Brian's latest paper (with colleagues Tim Cronin from MIT and Cecilia Bitz from UW) is called "Ice Caps and Ice Belts: the effects of obliquity on ice-albedo feedback". It has been accepted for publication in the Astrophysical Journal. The paper looks at the basic rules governing planetary ice extent on Earth-like exoplanets at different obliquities. Click here for a preprint of the accepted manuscript.
Obliquity is the angle of a planet's axis of rotation relative to its orbital plane. On Earth that angle is about 23.5º, and among other things, is the reason we have seasons. Something funny happens for planets at obliquity angles exceeding 55º. When you average over a whole year, the total amount of sunlight is largest at the poles and smallest at the equator.
This paper asks whether such a planet could exist with a stable, long-lived "ice belt" around the cold equator.
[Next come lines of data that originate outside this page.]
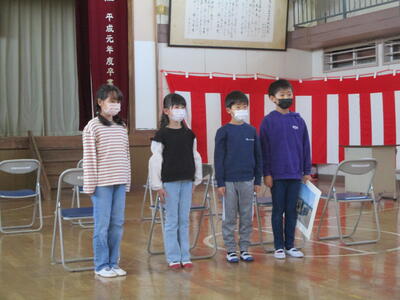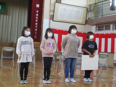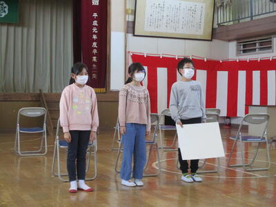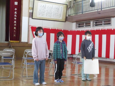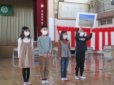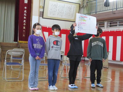 3年生の「学校自慢」は5つの班に分かれて班ごとに学校の自慢できることを発表しました。国語科で学習した文章表現で、写真や表を使ってとてもわかりやすく発表することができました。一人一人話すスピードや声の大きさ、間の取り方などが工夫されていてとても上手でした。2年生と4年生からもとてもわかりやすい発表だったという感想が聞かれました。すばらしかったです。(^_^)v
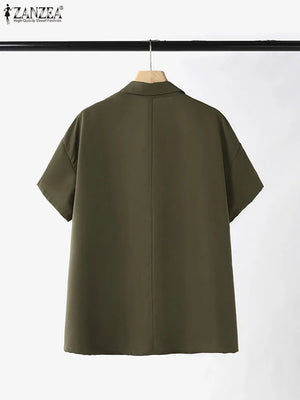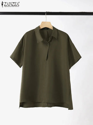 Korean Style Solid Color Shirts Women Summer Asymmetrical Lapel Neck Oversize Blouse Casual Half Sleeve Chemise Tops
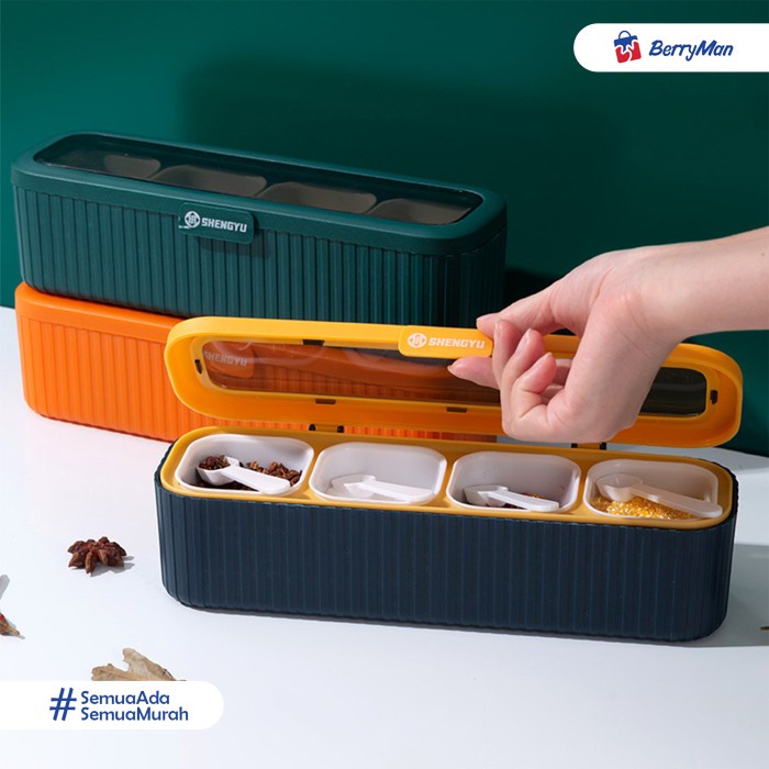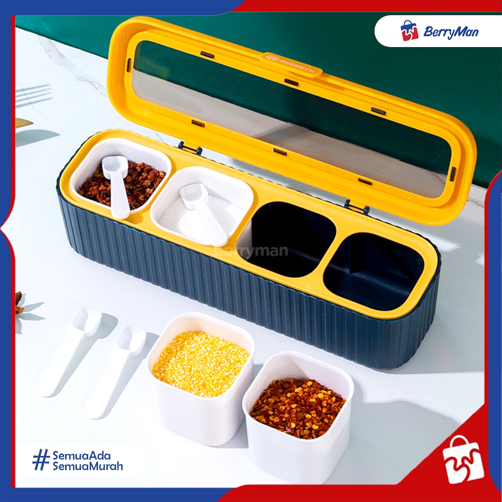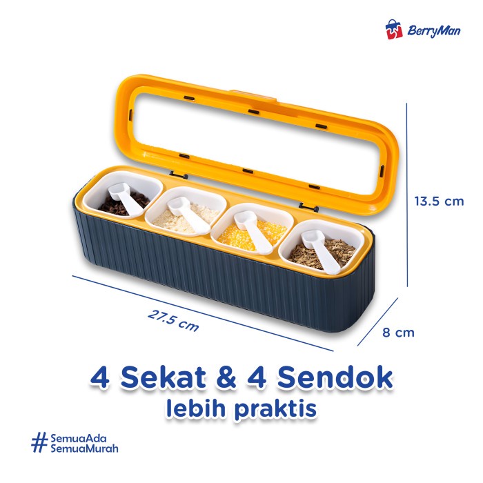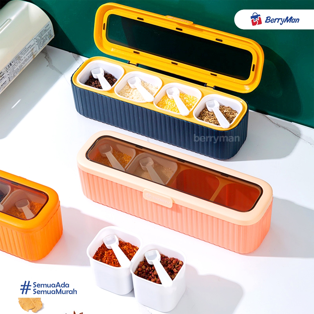 RAK KOTAK TEMPAT PENYIMPANAN BUMBU DAPUR SET 4 IN 1 + SENDOK TAKAR
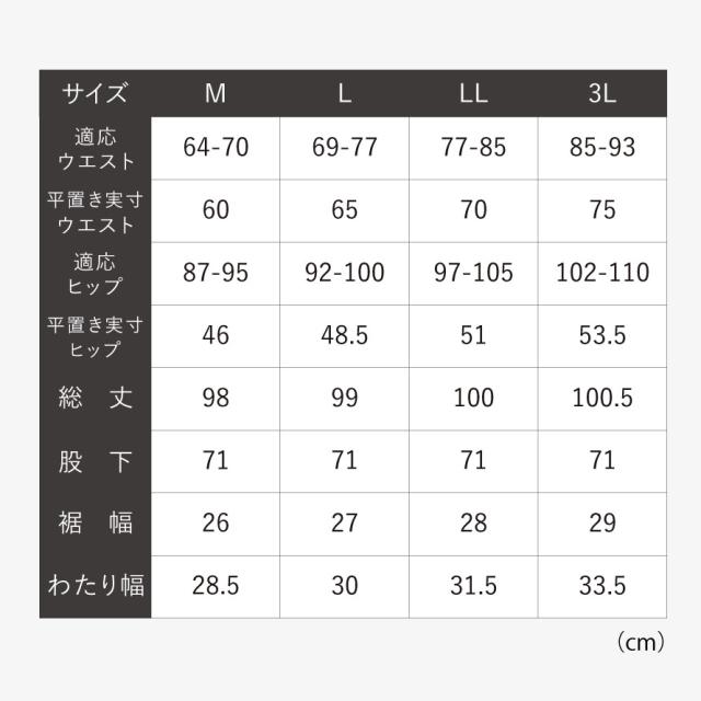 ■サイズ:M/適応ウエスト64-70、適応ヒップ87-95、総丈98、裾幅26、わたり幅28.5、L/適応ウエスト69-77、適応ヒップ92-100、総丈99、裾幅27、わたり幅30、LL/適応ウエスト77-85、適応ヒップ97-105、総丈100、裾幅28、わたり幅31.5、3L/適応ウエスト85-93、適応ヒップ102-110、総丈100.5、裾幅29、わたり幅33.5cm
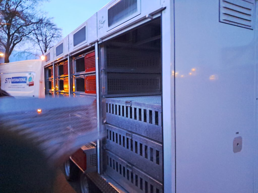 Een aanhanger met rolluiken en dus in vergelijk met de vaste CC5 aanhanger veel meer luchtgaten door de rolluiken. De begeleider had mooi op tijd gezien dat hij niet alles kon laden en deze oplossing bedacht. Geweldig, super mooi en vlot gedaan.
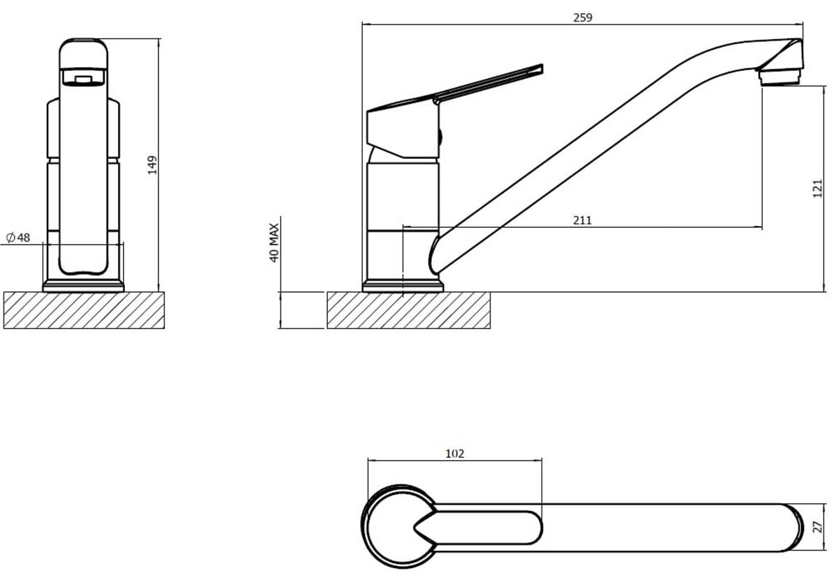 This simple and easy-to-use kitchen mixer tap is perfect for contemporary kitchens. The single lever controls the water flow and temperature, making it easy to use. The chrome finish gives a polished look that will complement any sink.
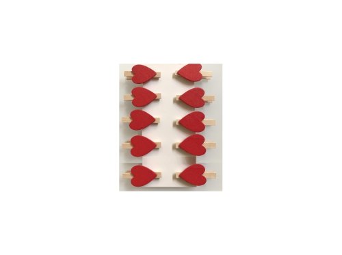 Dekorace dřevo 10ks 20mm srdíčko s kolíčkem, červená
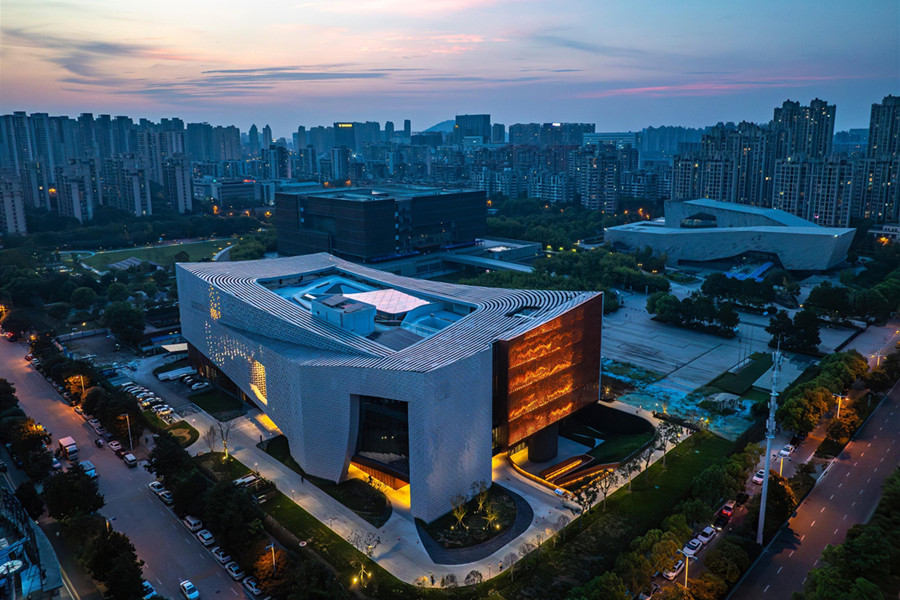 8月26日晚,位于合肥市政務文化新區(qū)的合肥美術(shù)館在進行亮燈調(diào)試。目前,該館主體工程已建設完成,開放后將進一步提升合肥的城市功能和品位,更好地滿足人民群眾對文化生活的新期待。

We take the well-known analytical "Energy Balance Model" from North (1975). This is one of the simplest models for the pole-to-equator surface temperature distribution and ice latitude on a spherical planet in the presence of poleward heat transport. To adapt this Earth-bound model to the exoplanet context, we do two things:
- Express the model equations non-dimensionally to identify the smallest set of independent planetary parameters
- Flip the model upside down for the case where obliquity exceeds 55º and the annual-average insolation gradient is reversed
We provide a complete analytical solution to the model valid for any obliquity. This solution enables some extensive analysis of the stability of ice caps and ice belts as a function of obliquity and other planetary parameters.
We find that the "ice belt" climate is easily destabilized by the ice-albedo feedback associated with albedo contrasts between the ice-free polar caps and the ice-covered equatorial regions. Consequently planets in a stable ice belt configuration should be substantially more rare than planets with Earth-like stable ice caps.